Here is the problem, that I'm stuck on.

There is no square root of $a$ in $\mathbb{Z}_p$. Is there square root of $a$ in $GF(p^n)$?

Well, it's certainly true that $$x^{p^n}=x$$ and $$x^{p^n-1}=1$$ for nonzero $x$.

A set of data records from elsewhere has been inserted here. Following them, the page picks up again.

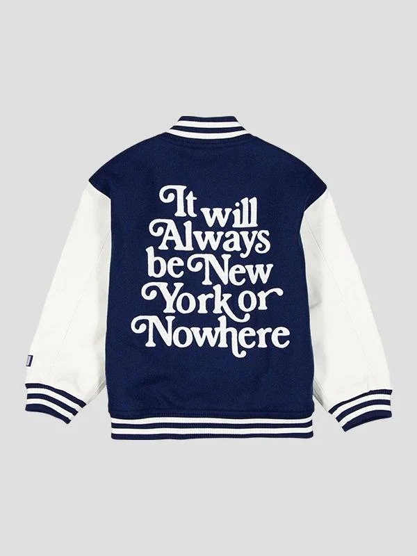The Breanna Stewart Yankees New York or Nowhere Varsity Jacket is a new take on good old America that will elevate your sporty style. Worn by the basketball legend herself, this jacket skilfully blends streetwear style and heritage. Crafted from leather and wool, it promises to be both incredibly stylish and durable. The Yankees’ vibrant blue and white colour scheme perfectly reflects their essence, making it a must-have for fashion lovers and Yankees fans alike. The Breanna Stewart Yankees New York or Nowhere Jacket fastens at the front with a regular button fastening, ensuring a snug yet fashionable fit. The rib knit collar not only enhances overall comfort, but also adds a sporty, vintage look. The sleeves have rib knit cuffs that provide comfort and hold their shape precisely. This Breanna Stewart Yankees New York or Nowhere Varsity Jacket loudly declares: ‘New York or nowhere,’ whether you’re hitting the city streets or heading to the game. It’s a classic layer that combines urban elegance with a sporty spirit.
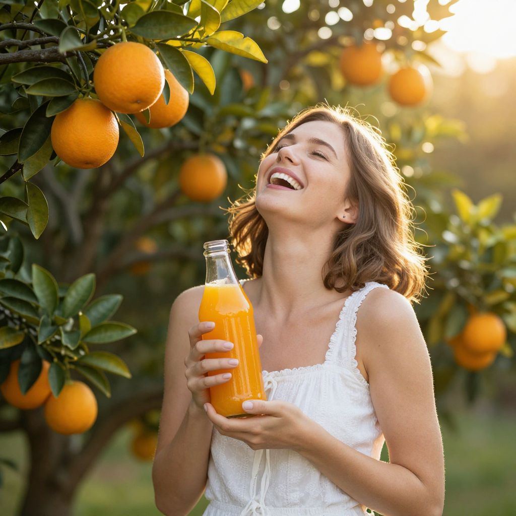 Woman holding a glass bottle filled with vibrant orange liquid, surrounded by lush citrus trees bearing ripe oranges, her laughter captured amidst the golden glow of sunlight filtering through the foliage.
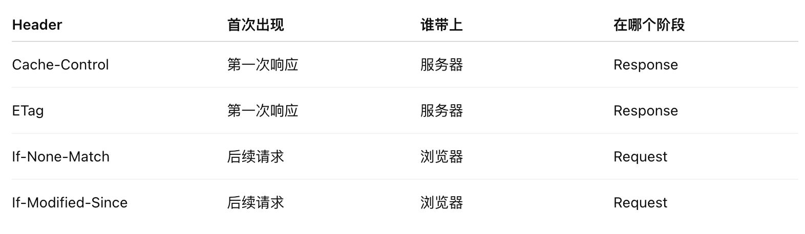 - last-modified: 可能存在精度低和时间不同步问题,现代推荐 ETag
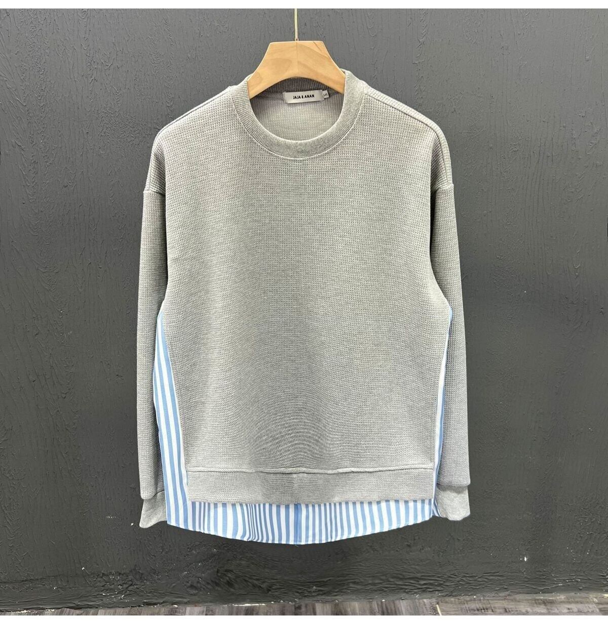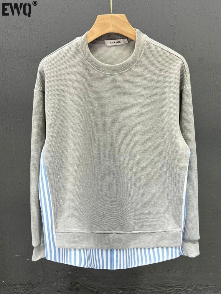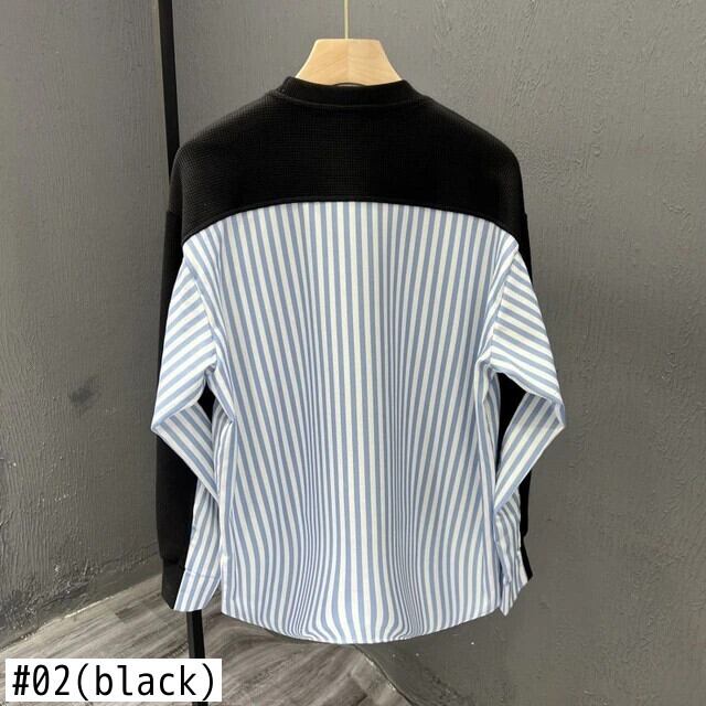 [EWQ] ストライプパッチワーク O ネックシャツ長袖ルーズブラウス秋コントラストカラートップス ロング オータム 秋物 Oネック

If there is such an $x$ that $a=x^2$ then $$a^{\frac{p^n-1}{2}}=1$$ Now this actually is an equation in $\mathbb{Z}_{p}$ only, so I can write $$a^{\frac{p^n-1}{2}}\equiv 1\mod p$$

Now the answer seems to be just a touch away because I know that $x^2\equiv a \mod p$ iff $a^{(p-1)/2}\equiv 1 \mod p$. How can I tie the ends together, what am I missing?

Answer 1

If $a$ is not a square in $\mathbb F_p$, then it is a square in $\mathbb F_{p^n}$ precisely when $n$ is even. Indeed, $\mathbb F_p(\sqrt a)$ is a quadratic extension of $\mathbb F_p$, hence $\mathbb F_p(\sqrt a) = \mathbb F_{p^2}$. Now, we know that $\mathbb F_{p^m} \subseteq \mathbb F_{p^n}$ if and only if $m \mid n$. It follows that $a$ is a square in $\mathbb F_{p^n}$ if and only if $\mathbb F_p(\sqrt a) \subseteq \mathbb F_{p^n}$ if and only if $2 \mid n$.

Answer 2

Because finite fields are uniquely determined by their order, you know that if $a\in\Bbb Z$, then one of two things is true, either $a=x^2$ for some other $x\in\Bbb Z/p=\Bbb F_p$, or not. In the case it is not, then $x^2-a$ is irreducible over $\Bbb F_p$. If so then

$$\Bbb F_p[x]/(x^2-a)\cong\Bbb F_{p^2}$$

and this is independent of choice of non-square $a\in\Bbb F_p$. Since there is only one field of order $p^2$, all integers are squares iff

$$\Bbb F_{p^n}\supseteq\Bbb F_{p^2}\iff 2|n$$